Johan CRETEN
Né en Belgique en 1963 – Vit aux Etats-Unis
Johan Creten a choisi d’utiliser dans son travail des matériaux généralement répudiés pour leurs connotations modernistes, voire décoratives pour certains. Terre cuite émaillée et grès sont en effet ses matières de prédilection pour la réalisation de sculptures polychromes dont les sujets varient de la résurgence mythologique antique à la réalisation de cruches, d’animaux et d’un certain nombre d’objets que l’on serait tenté d’assimiler à l’artisanat de la poterie.
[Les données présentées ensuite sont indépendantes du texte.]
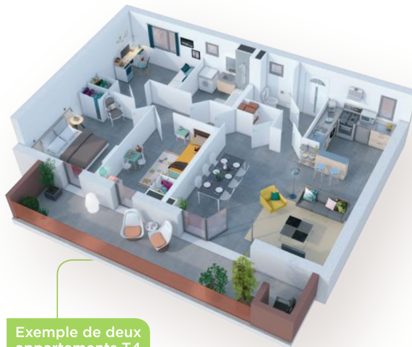
Exemple de deux appartements T4 avec balcon
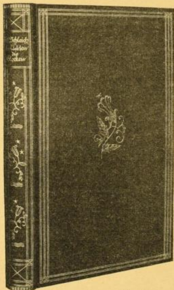
Abbildung der Original-Ausgabe Geschenk-Ausgabe (132×205 mm)

Die Neue Erziehung Monatsschrift des „Bundes Entschiedener Schulreformer“, Aug. 1931
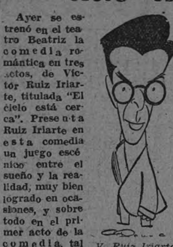
V. Rius Iriarte

Ayer se estrenó en el teatro Beatriz la comedia romántica en tres actos, de Víctor Ruiz Iriarte, titulada "El cielo está cerca". Presente a Ruiz Iriarte en esta comedia un juego escénico nuevo entre el sueño y la realidad, muy bien logrado en ocasiones, y sobre todo en el primer acto de la comedia, tal vez el de mejor traza y el más logrado desde el principio hasta el fin. La comedia, en líneas generales, está pensada con cierta originalidad y con fino sentido de la poesía; pero también es cierto que en algunas ocasiones, tal vez porque el autor ha querido llevar la comedia a terrenos de más complejidad que los que en el comienzo de la obra se insinúan, adolezca, por estas razones, de falta de ligereza, y la construcción de la obra, en este sentido, tampoco logra tan marcada justicia como en el primer acto de la comedia.

Il y a ici une prise de risque certaine, on s’en doute, et Johan Creten aime à se placer sur une limite parfois ténue où l’art peut basculer dans le kitsch décoratif et inversement. Il en va dans l’œuvre de Johan Creten d’une transfiguration douce de l’objet en œuvre d’art, de l’utilitaire en pièce possédant intentionnalité et contenu. Si les mythes sont souvent utilisés, revisités, c’est toujours dans l’affirmation de leurs répercussions contemporaines, de leurs prolongements et de leur activité encore pérenne. Il va de soi pour lui que la réalisation d’une représentation du cheval de Troie, de la Gorgone ou d’Adam implique forcément la prise en compte aigüe du cliché stéréotypé et de son nécessaire détournement. Il va aussi de soi pour Johan Creten que la surabondance matériologique amenée par l’excès formaliste et le clinquant de certaines couleurs doive conduire à une démultiplication des efforts pour produire du sens, pour que le sens vienne se loger dans le mince interstice laissé entre le décoratif et l’utilitaire.
Nur ein Fisch est un ensemble de quatre sculptures appartenant au bestiaire que Johan Creten réalise au fil des années. Aux côtés des Coqs, de La Vengeance de la Gorgone ou des Inséparables, les quatre poissons hybrides occupent une place de choix, mêlant pertinemment réminiscences mythologiques, littéraires, sociologiques. Car, en effet, si l’on peut envisager ces poissons à tête de mort recouverts d’une peinture couleur de mercure à une réflexion sur l’environnement et l’écologie, Nur ein Fisch qui, comme leur nom ne l’indique pas ne sont pas « seulement » des poissons, nous renvoie aux répercussions contemporaines de la mythologie grecque. La forme hybride, oscillant entre poisson et humain et entre organisme vivant et « mort-vivant », propose une référence implicite aux Erinyes de l’Orestie d’Eschyle. Elles renvoient aussi à la relecture existentialiste proposée par Jean-Paul Sartre dans Les Mouches et, de fait, l’œuvre de Johan Creten se pose en intermédiaire entre les deux représentations, prenant à partie le spectateur toisé par les orbites vides des poissons. Johan Creten parvient en définitive à faire osciller Nur ein Fisch entre un univers transcendant et une perception immanente, interrogeant du coup le spectateur de l’œuvre sur lui-même, sur sa propre culpabilité d’être là.